This is a Pytorch port of OpenNMT, an open-source (MIT) neural machine translation system.
OpenNMT consists of three commands:
- Download the data.
wget https://s3.amazonaws.com/pytorch/examples/opennmt/data/onmt-data.tar && tar -xf onmt-data.tar
- Preprocess the data.
python preprocess.py -train_src data/src-train.txt -train_tgt data/tgt-train.txt -valid_src data/src-val.txt -valid_tgt data/tgt-val.txt -save_data data/demo
- Train the model.
python train.py -data data/demo-train.pt -save_model model -cuda
- Translate sentences.
python translate.py -cuda -model model_e13_*.pt -src data/src-test.txt -tgt data/tgt-test.txt -replace_unk -verbose
The following pretrained models can be downloaded and used with translate.py.
- onmt_model_en_de_200k: An English-German translation model based on the 200k sentence dataset at OpenNMT/IntegrationTesting. Perplexity: 21.
- onmt_model_en_fr_b1M: An English-French model trained on benchmark-1M. Perplexity: 4.85.

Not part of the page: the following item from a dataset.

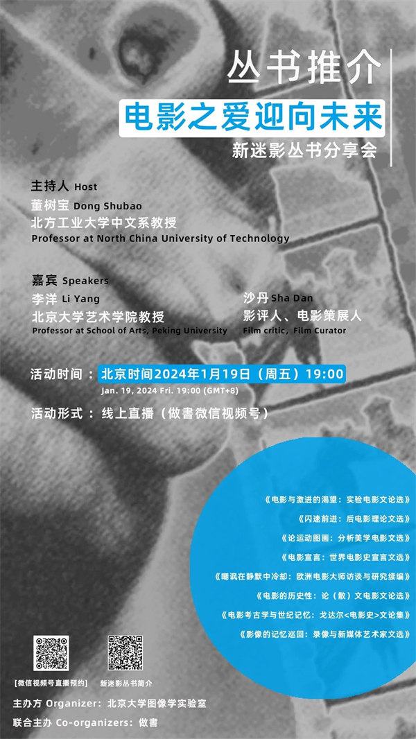 拜德雅图书工作室于2022年和2023年分别出版了“新迷影丛书”其中两本作品:《电影与激进的渴望:实验电影文论选》和《闪速前进:后电影理论文选》。恰逢该丛书又新增8本译作,北京大学图像学实验室联合做書将于周五晚,在北京的做書咖啡做一场直播分享。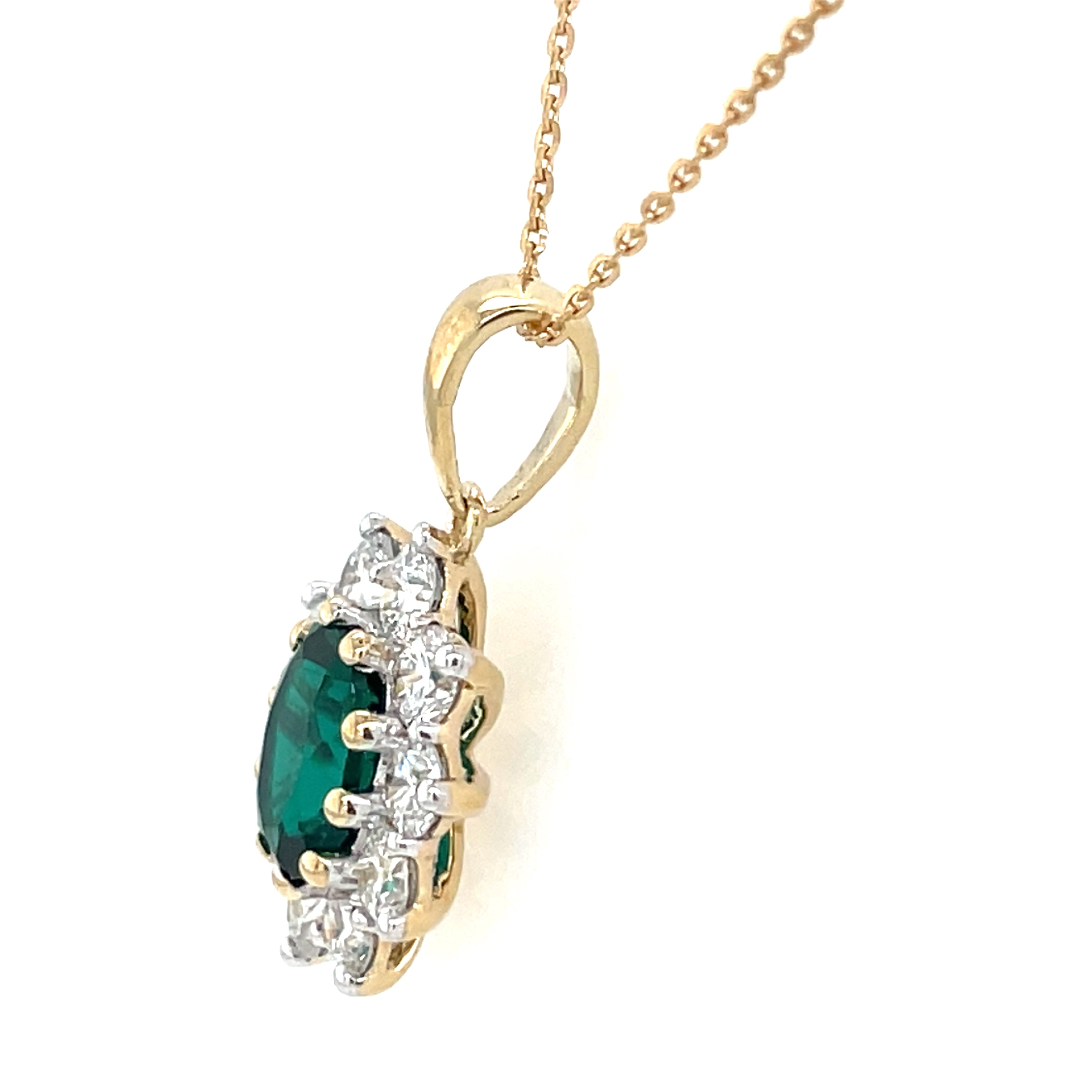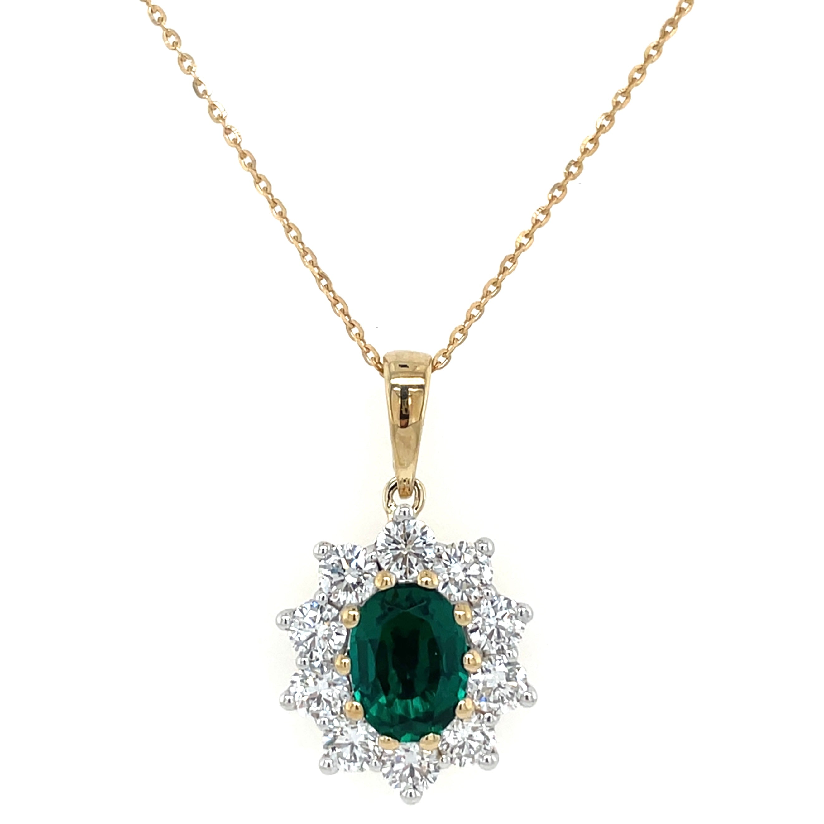 This stunning 9ct yellow gold pendant features a magnificent 1.17ct laboratory-grown oval cut emerald as its centrepiece, radiating deep, rich colour. Surrounded by a brilliant 1.08ct halo of laboratory-grown round diamonds, this pendant combines timeless elegance with the colourful choice of laboratory-created gemstones. The chain is 18 inches with adjustments at 17 and 16 inches.

The following OpenNMT features are implemented:
- multi-layer bidirectional RNNs with attention and dropout
- data preprocessing
- saving and loading from checkpoints
- inference (translation) with batching and beam search
Not yet implemented:
- word features
- multi-GPU
- residual connections
With default parameters on a single Maxwell GPU, this version runs about 70% faster than the Lua torch OpenNMT. The improved performance comes from two main sources:
- CuDNN is used for the encoder (although not for the decoder, since it can't handle attention)
- The decoder softmax layer is batched to efficiently trade off CPU vs. memory efficiency; this can be tuned with the -max_generator_batches parameter.